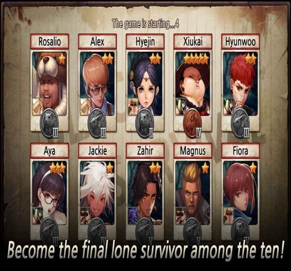 把游戏归纳成一句话就是十个角色在荒岛上不择手段地战到只剩一人。你可以选择不同性格的角色来开始比赛,还可以搜集许多资源、制作各种武器和道具,还可以学习策略招式等。
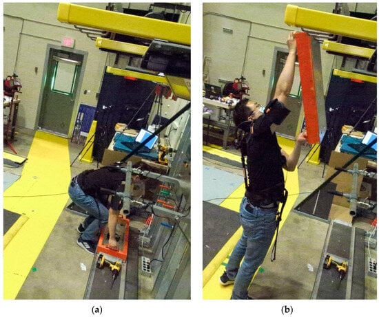 A subject performing a load positioning task simulating material handling in the manufacturing industry while wearing a shoulder exoskeleton. The task begins with (a) lifting the load from the ground, providing a view of back and knee flexion from the sagittal plane. The task ends with (b) hanging the load overhead, requiring arm extension and flexion.
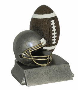 Recognize your hard working football player with this unique trophy design. Featuring a life-like football and helmet, this trophy can be engraved to your personal preferences to commemorate a special football season. This popular football award measures approximately 4 inches tall and includes up to 3 lines of personalized engraving. Looking for something different? See all of our football trophies. Outstanding for honoring football excellence and achievement. Ships from: Topeka, Indiana. SKU: wge459-tw.
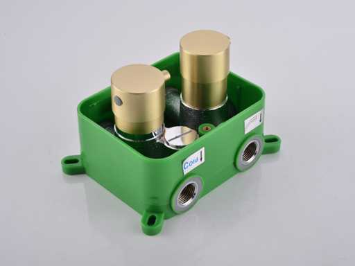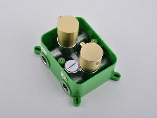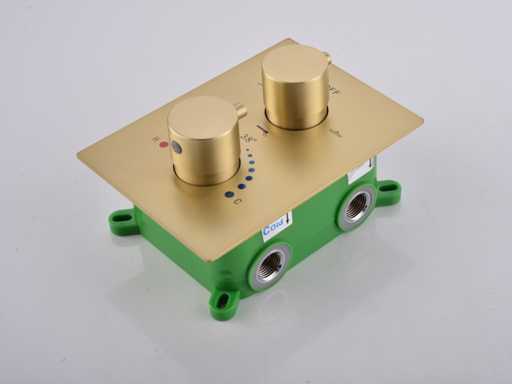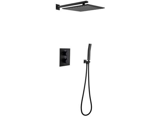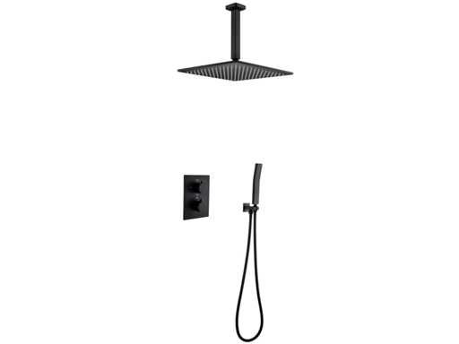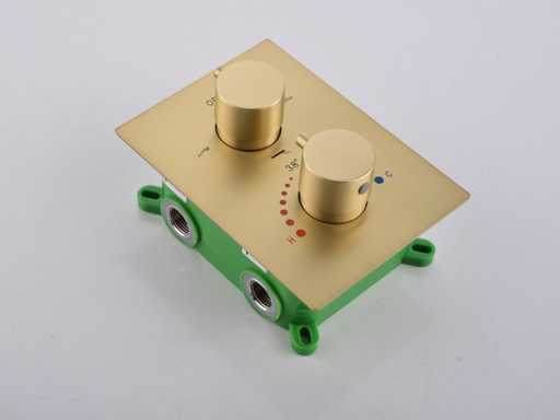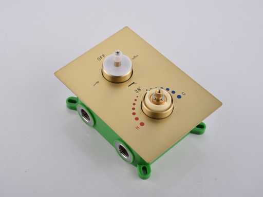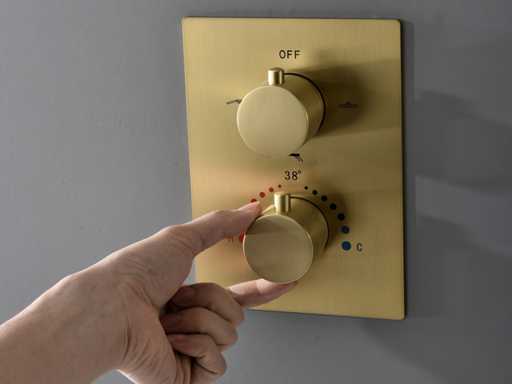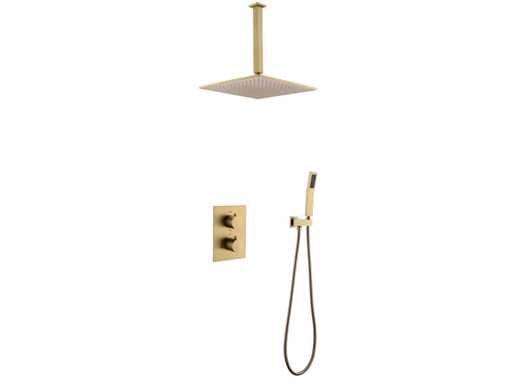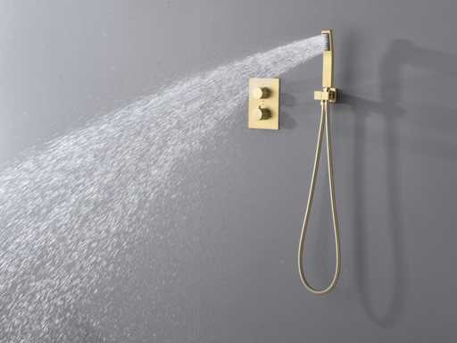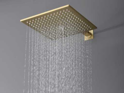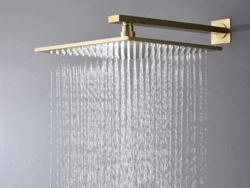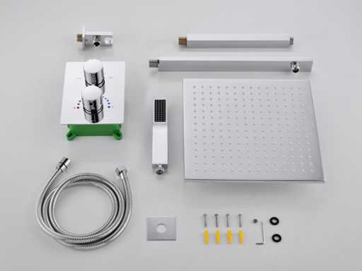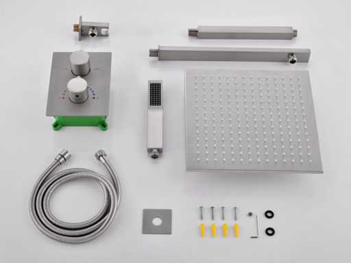 keuze uit diverse kleuren: geborsteld goud, chroom, geborsteld RVS of mat zwart(kleurkeuze graag aangeven op de afhaaldag) materiaal messing , smart control thermostaatkraan, binnenwerk keramisch, douchekop 30x30 cm, handdouche verstelbaar met doucheslang en ophanging van messing, voorzien van badkraanuitloop, douchekop met kunststof wateruitlopen om gemakkelijk kalkaanslag te verwijderen, douchekop kantel en draaibaar, inclusief inbouwbox voor eenvoudige installatie, set wordt geleverd met zowel een muurstang als een plafond stang

++++++

▶ Problem details
Leave out any pictures and return exactly the lines from the beginning of the data through the line with "Recognize your hard", inclusive.

▶ Result for this exercise
 把游戏归纳成一句话就是十个角色在荒岛上不择手段地战到只剩一人。你可以选择不同性格的角色来开始比赛,还可以搜集许多资源、制作各种武器和道具,还可以学习策略招式等。
 A subject performing a load positioning task simulating material handling in the manufacturing industry while wearing a shoulder exoskeleton. The task begins with (a) lifting the load from the ground, providing a view of back and knee flexion from the sagittal plane. The task ends with (b) hanging the load overhead, requiring arm extension and flexion.
 Recognize your hard working football player with this unique trophy design. Featuring a life-like football and helmet, this trophy can be engraved to your personal preferences to commemorate a special football season. This popular football award measures approximately 4 inches tall and includes up to 3 lines of personalized engraving. Looking for something different? See all of our football trophies. Outstanding for honoring football excellence and achievement. Ships from: Topeka, Indiana. SKU: wge459-tw.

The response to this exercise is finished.